_Work required_
Give back exactly the lines from the beginning of the listing below to the line holding "今日の注目は「さつまいも」で", both ends included; the pictures stay out.

_Excerpted data_
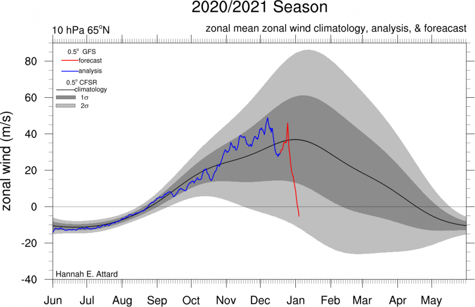 Eine Zonalwindumkehr in 30 hpa Anfang Januar 2021. Das wäre zeitlich in etwa mit dem 3. Wärmeschub des laufenden SSW anzusetzen. Könnte aber auch noch der 2. Wärmeschub sein, das lässt sich nicht genau sagen. Eigentlich wäre Anfang Januar etwas zu schnell für den 3. Wärmeschub, vielleicht reicht ja schon der 2. aus, aber bei dem starken Westwind derzeit - ich weiß ja nicht. Auch ist die Ozonkonzentration meiner Meinung nach an den entscheidenden Spielplätzen der Stratosphäre zu gering derzeit für eine so schnelle Entwicklung (Reihenfolge ist nämlich: erst die Erwärmung - dafür Ozon -, dann die Abschwächung des Westwinds). Ich kann mich aber natürlich auch irren. Vermutlich aber wird die Berechnung korrigiert und - wenn es denn eine Zonalwindumkehr geben sollte - dann käme sie erst etwa Mitte Januar (mit dem dann 3. Wärmeschub?!?). Nun, wir werden sehen, was geschehen wird.
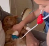 女の子の「お医者さんごっこ」に付き合ってあげる猫(動画)
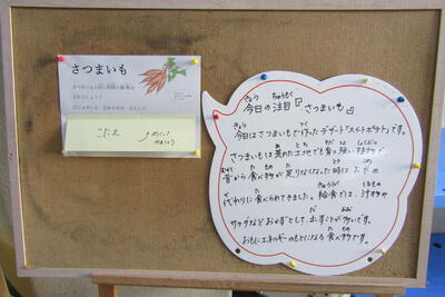 今日の注目は「さつまいも」です。今日は、さつまいもで作った「スイートポテト」がありました。さつまいもは荒れた土地でも育つ強い植物で、昔から食べ物が足りなくなったときは、お米の代わりに食べられてきました。給食では、汁物やサラダなどおかずとして出すことが多いです。おもにエネルギーのもとになる食べ物です。では、ここでクイズです。次の3つのうち、さつまいもと同じ仲間の植物はどれでしょうか。①じゃがいも、②あさがお、③りんご・・・答えは、②のあさがおです。さつまいもはヒルガオ科の植物の仲間です。暖かい地域では、アサガオに似たうすいピンクの花が咲きます。
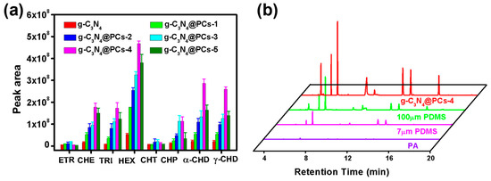 To explore the extraction performances of the as-prepared composites, the extraction efficiencies of pristine g-C3N4 and g-C3N4@PC toward OCPs were investigated by means of SPME. As shown in Figure 4a, the extraction efficiency of g-C3N4@PC materials was significantly improved because of higher specific surface areas and richer chemical groups. As the enlargement of CNCs amounts, the extraction efficiencies of g-C3N4@PC exhibited a trend of first increasing and then decreasing, and g-C3N4@PC-4 presented the optimum performance, owing to the synergy effects of g-C3N4 and CNCs. On the one hand, the introduction of CNCs promoted the formation of microporous and mesoporous structures, which increased the pore volume of g-C3N4@PC, resulting in an improvement in its adsorption capacity for target analytes. On the other hand, there were abundant oxygen-containing functional groups and other chemical groups in g-C3N4@PC, which promoted adsorption for polar groups. This is consistent with the results of the XPS characterization of g-C3N4@PC. However, when the amount of CNCs reached the maximum, the extraction efficiency decreased due to the reduction in intermolecular force and the influence of aggregates. Furthermore, comparisons of the extraction efficiencies between the g-C3N4@PC-4 coating and commercial PA and 7/100 μm PDMS were also studied (Figure 4b). It was found that the extraction efficiencies of g-C3N4@PC SPME fibers for OCPs were much higher than that of PA and PDMS commercial coatings, with ratios approximately 5–30 and 2–15 times, respectively.
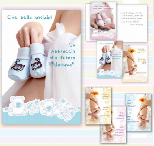 BIGLIETTI AUGURI GRAVIDANZA - CARTA PATINATA - FORMATO CHIUSO 11,5x17 cm - 6 SOGGETTI - conf. 12 pz - ULTIMO DISPONIBILE

_Answer for this exercise_
 Eine Zonalwindumkehr in 30 hpa Anfang Januar 2021. Das wäre zeitlich in etwa mit dem 3. Wärmeschub des laufenden SSW anzusetzen. Könnte aber auch noch der 2. Wärmeschub sein, das lässt sich nicht genau sagen. Eigentlich wäre Anfang Januar etwas zu schnell für den 3. Wärmeschub, vielleicht reicht ja schon der 2. aus, aber bei dem starken Westwind derzeit - ich weiß ja nicht. Auch ist die Ozonkonzentration meiner Meinung nach an den entscheidenden Spielplätzen der Stratosphäre zu gering derzeit für eine so schnelle Entwicklung (Reihenfolge ist nämlich: erst die Erwärmung - dafür Ozon -, dann die Abschwächung des Westwinds). Ich kann mich aber natürlich auch irren. Vermutlich aber wird die Berechnung korrigiert und - wenn es denn eine Zonalwindumkehr geben sollte - dann käme sie erst etwa Mitte Januar (mit dem dann 3. Wärmeschub?!?). Nun, wir werden sehen, was geschehen wird.
 女の子の「お医者さんごっこ」に付き合ってあげる猫(動画)
 今日の注目は「さつまいも」です。今日は、さつまいもで作った「スイートポテト」がありました。さつまいもは荒れた土地でも育つ強い植物で、昔から食べ物が足りなくなったときは、お米の代わりに食べられてきました。給食では、汁物やサラダなどおかずとして出すことが多いです。おもにエネルギーのもとになる食べ物です。では、ここでクイズです。次の3つのうち、さつまいもと同じ仲間の植物はどれでしょうか。①じゃがいも、②あさがお、③りんご・・・答えは、②のあさがおです。さつまいもはヒルガオ科の植物の仲間です。暖かい地域では、アサガオに似たうすいピンクの花が咲きます。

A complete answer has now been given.